I have defined two sets of identifiers IDENTIFIER_ONE and IDENTIFIER_TWO which are both exculsive subsets of IDENTIFIER. I would like to write a parser such that:

"i1(arg) EOS" can't be parsed (1)
"i2(arg) EOS" can be parsed (2)
"i1(arg) = value EOS" can be parsed (3)
"i2(arg) = value EOS" can be parsed (4)

where i1(resp., i2) belongs to IDENTIFIER_ONE (resp., IDENTIFIER_TWO); arg and value belong to IDENTIFIER. The following parser.mly has already realized all the points I am after, except (4):

identifier:
| IDENTIFIER_ONE { $1 }
| IDENTIFIER_TWO { $1 } 

block_statement_EOS:
| identifier LPAREN identifier RPAREN EQUAL identifier EOS { BSE_Let ($1, $3, $6) }
| IDENTIFIER_TWO LPAREN identifier RPAREN EOS { BSE_I_I ($1, $3) }

Given i1(arg) = value EOS as input, as goal (3) it is correctly read as BSE_Let (i1, arg, value).
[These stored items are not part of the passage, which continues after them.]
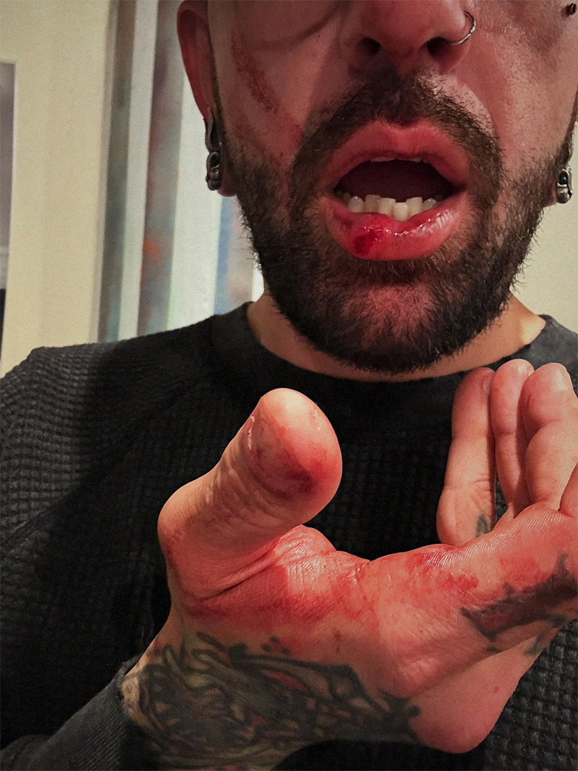 Vocalist Matthew Tybor has since commented via social media on the situation that unfolded during the set, while also initially sharing a picture of his busted lip and bloodied hand and face. While that post appears to have since been pulled, you can still read Tybor‘s statement on the matter below.
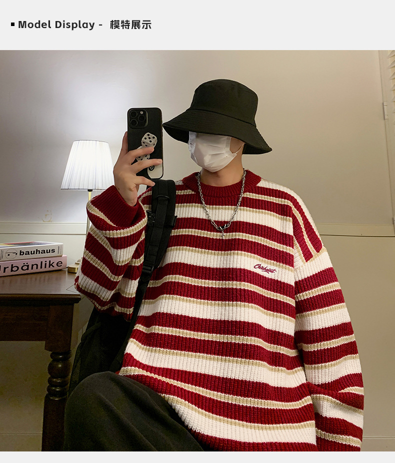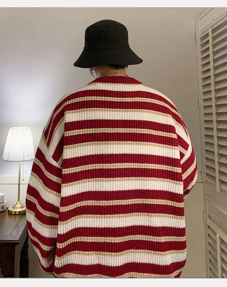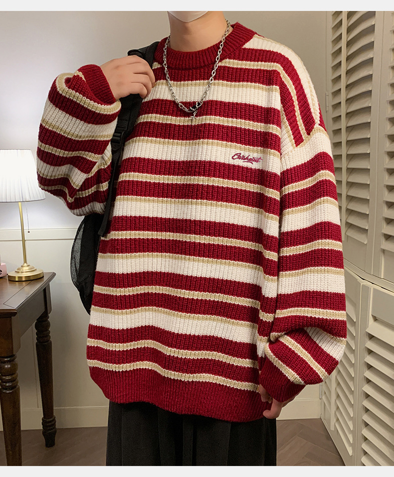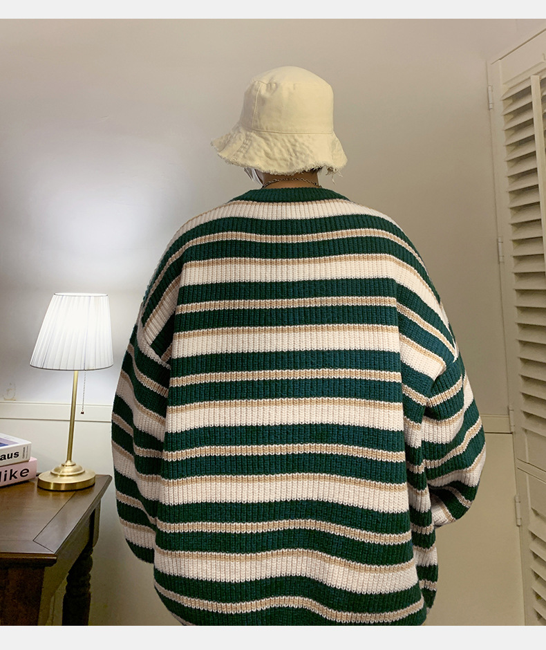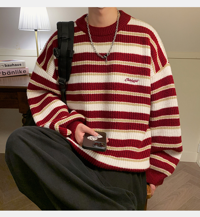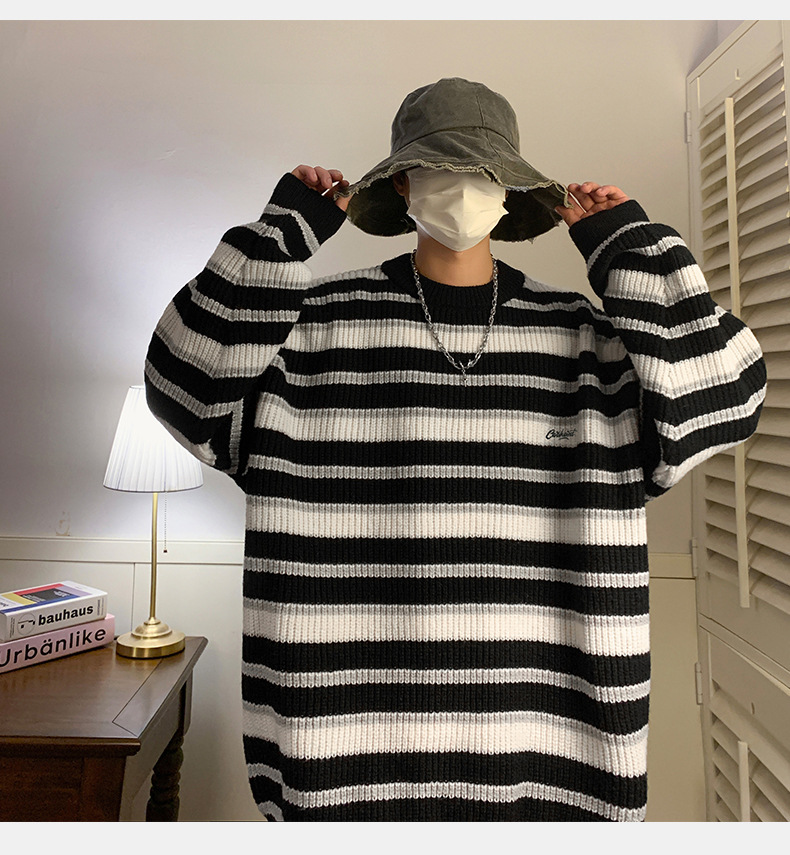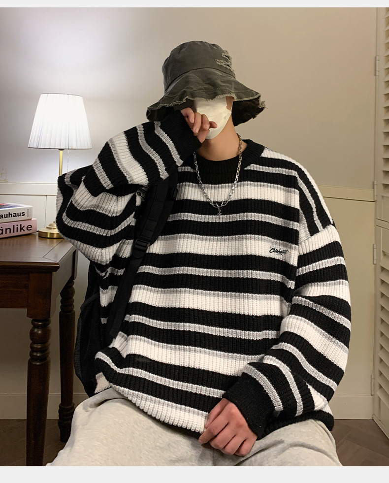 게으른 스타일 레트로 대조 스웨터 남자의 새로운 가을과 겨울 두꺼운 바늘 캐주얼 자수 니트 스웨터 재킷스토어 가기
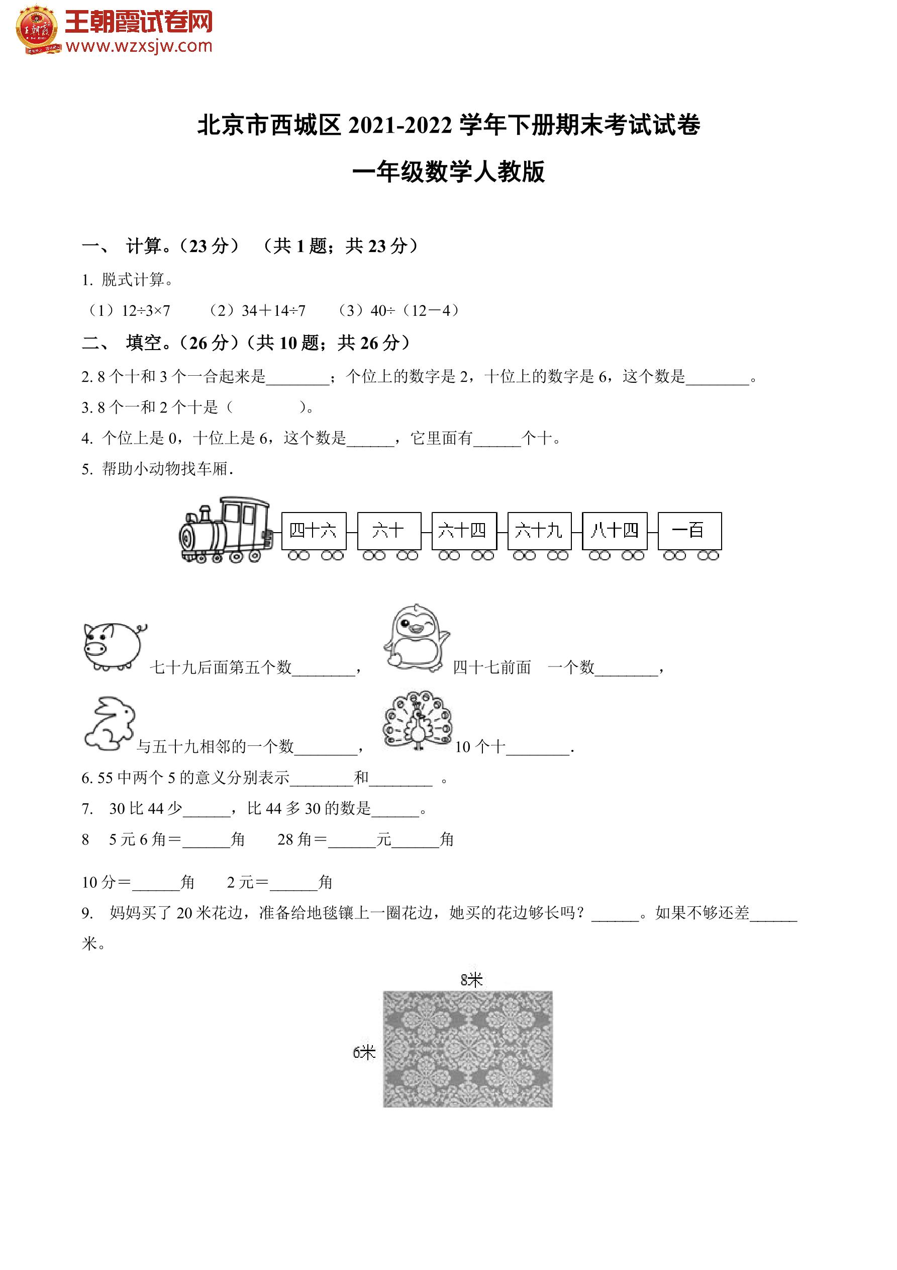 北京市西城区2021-2022学年下册期末考试试卷一年级数学(人教版)
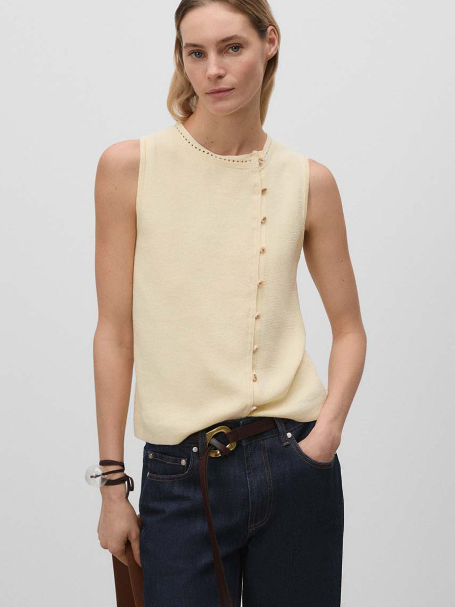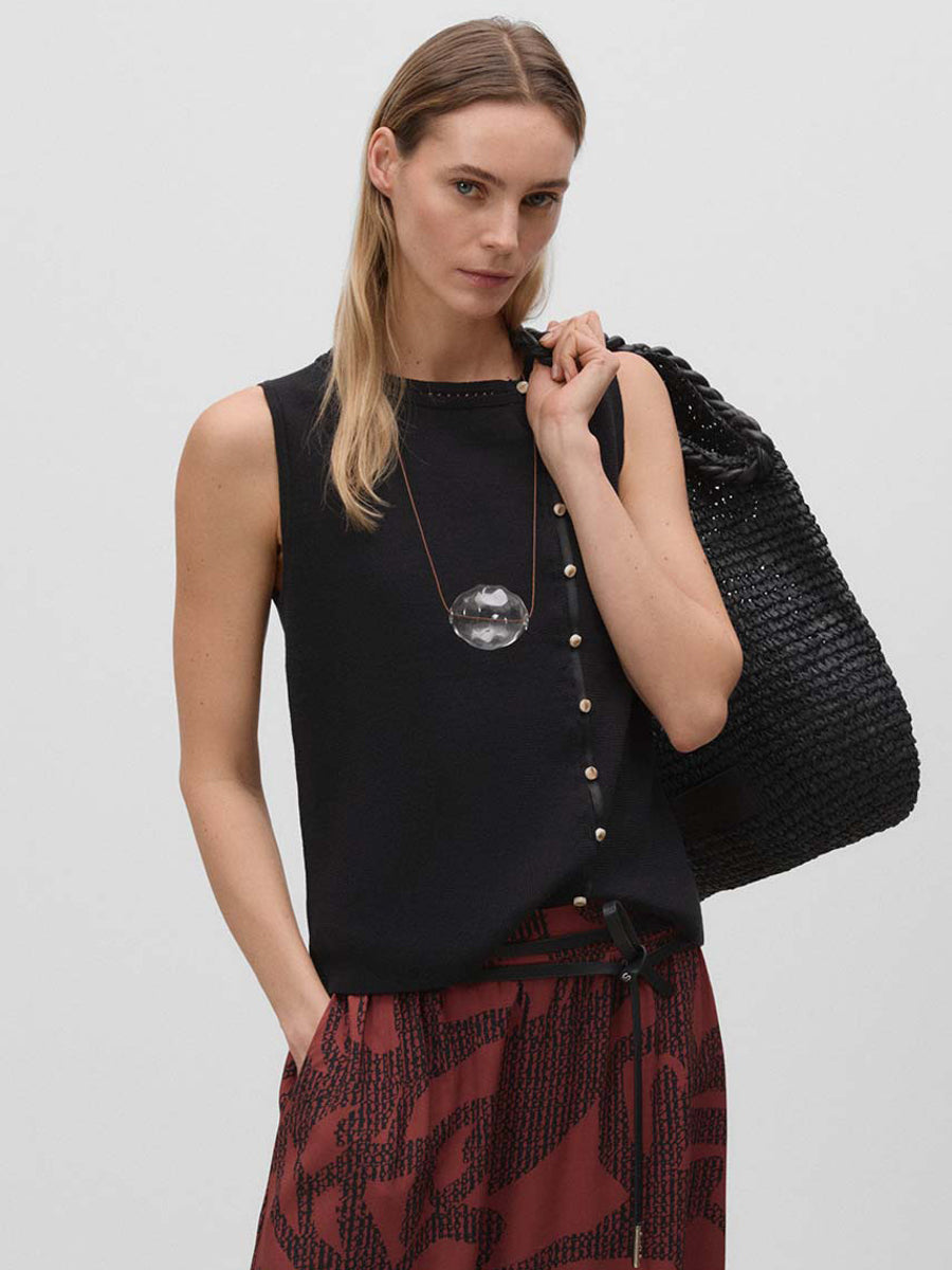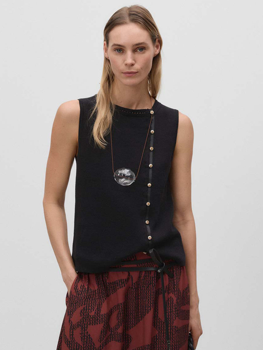 Top de punto sisado con escote caja. Cierre mediante botonadura frontal asimétrica.
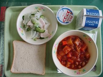 給食は食パン、キャラメルパテ、ハムと大根のサラダ、チリコンカン、ヨーグルト、牛乳でした。
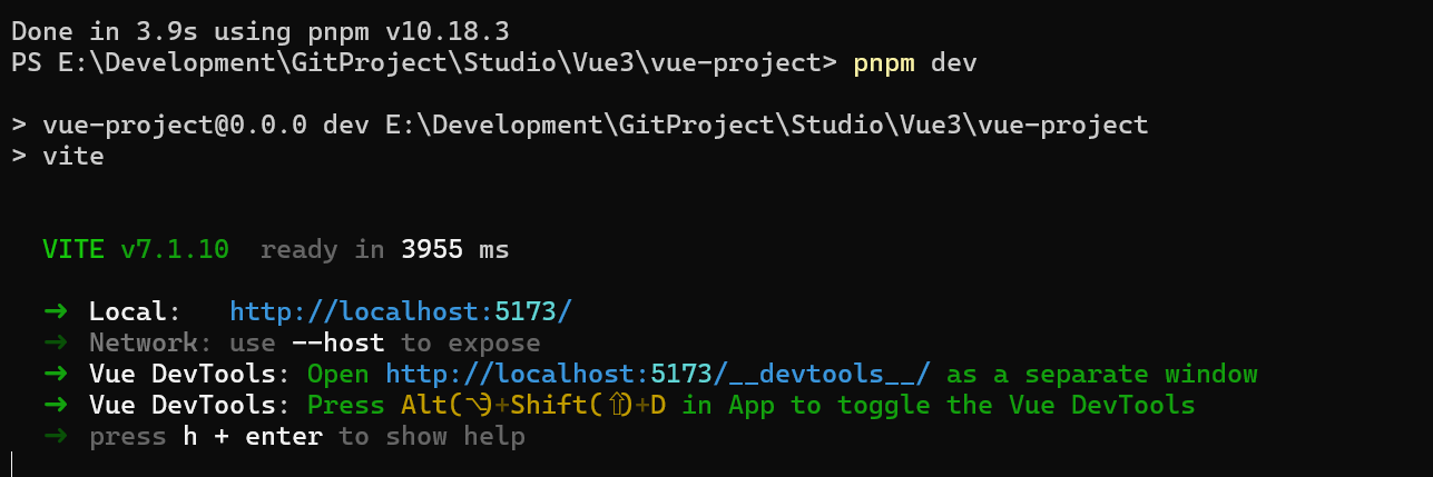 安装好依赖后使用pnpm dev查看项目是否创建成功

However, given i2(arg) = value EOS as input, it stops the parsing after reading EQUAL. I guess it is because once the parse meets i2(arg), it goes to the 2nd rule of block_statement_EOS, and later EQUAL can't be parsed.

Ideally, I would hope the parser could try the 1st rule of block_statement_EOS if the 2nd rule fails. Could anyone help me to make this possible?

PS: If I write the parser.mly as follows, all the goals can be achieved. Does anyone know why? Additionally I really don't like this workaround, because I do need to write identifier instead of two subsets in many other rules, I would hope a more elegant solution...

block_statement_EOS:
| IDENTIFIER_ONE LPAREN identifier RPAREN EQUAL identifier EOS { BSE_Let ($1, $3, $6) }
| IDENTIFIER_TWO LPAREN identifier RPAREN EQUAL identifier EOS { BSE_Let ($1, $3, $6) }
| IDENTIFIER_TWO LPAREN identifier RPAREN EOS { BSE_I_I ($1, $3) }

回答1:

When your parser encounters an LPAREN after an IDENTIFIER_TWO, it has to decide whether to shift or to reduce:

  • shift: put LPAREN on the stack;
  • reduce: replace IDENTIFIER_TWO, which is on top of the stack, by identifier.

If your parser chooses to shift, it will never reduce this particular IDENTIFIER_TWO into identifier (because this particular IDENTIFIER_TWO will never be on top of the stack again), meaning that it will always reduce the second rule of block_statement_EOS.

If your parser chooses to reduce, it will never reduce the second rule of block_statement_EOS, as this rule starts with IDENTIFIER_TWO and not identifier.

This is why your second version works, because there is no need to choose between shifting and reducing after IDENTIFIER_TWO. The choice is made later, if you wish.